A volcano on the small island of Sumbawa in Indonesia. Its explosion in 1815 was the largest in recorded history. The earth was plunged into a volcanic winter. The following year was known in Europe and America as the Year Without a Summer, as crops were devastated by abnormal frosts in a very short growing season.

Tambora was 4000 m to 4500 m high before 1815, and 2800 m high after the eruption. It might have been dormant for five thousand years before that. Between six months and three years of minor activity preceded a major eruption on 5 April 1815, leading to the cataclysmic eruption of 10-11 April. It continued for almost a week. Earthquakes were felt 500 km away.

Global temperature cooled by perhaps 3°C (less in Arctic regions, according to ice cores) as a result of Tambora's explosion. It is estimated that 10 000 people died immediately and another 82 000 died of starvation and cholera. Much of the East Indies was covered in ash, and the island of Sumbawa was covered up to 1.5 m deep in places.

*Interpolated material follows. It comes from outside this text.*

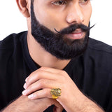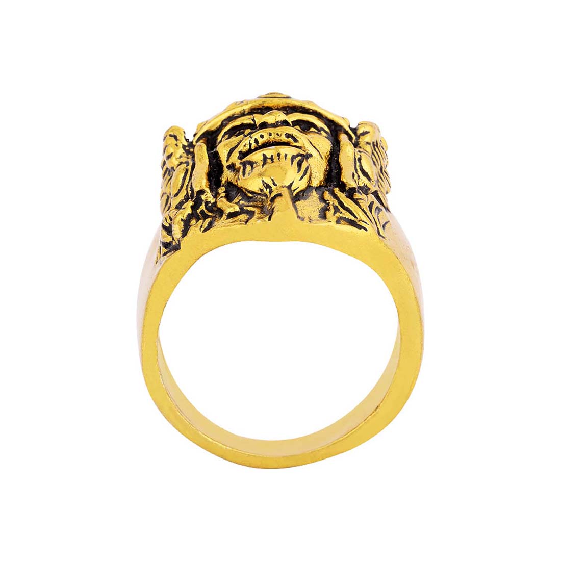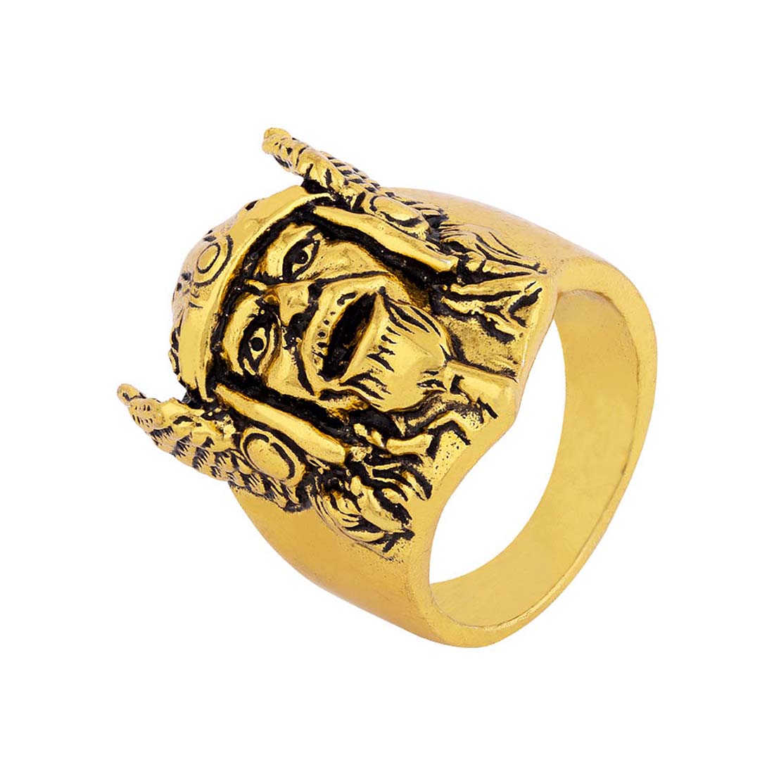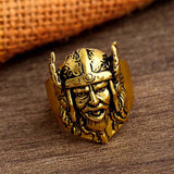 Viking motif ring for men with oxidized gold plating. Made from brass. Good for everyday wear.
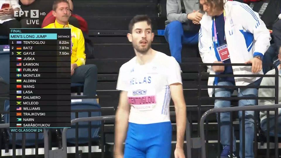 Ο Τεντόγλου, που πήγε στη Γλασκόβη με τη 2η καλύτερη επίδοση της διοργάνωσης (8.26), έστειλε μήνυμα από νωρίς στον τελικό, πηδώντας στα 8.22 μέτρα στο πρώτο του άλμα και κάνοντας βήμα για το βάθρο.

Of six sultanates on the island, two, Papekat and Tambora, were totally destroyed, and that of Sumbawa was not re-established until 1837.

Extraordinary sunsets occurred all over the world for some years. One other fascinating thing about this is what was happening in Europe at the time. Napoleon Bonaparte had been defeated after decades of war, and had abdicated in April 1814. Suddenly on 15 March 1815 he landed in France, and entered Paris on 20 March with a huge army flocking to him as he moved. After a year of peace, the wars that had racked the continent were on again. And what happens three weeks later? The sky is dark and the colour of blood, the air is filled with ash.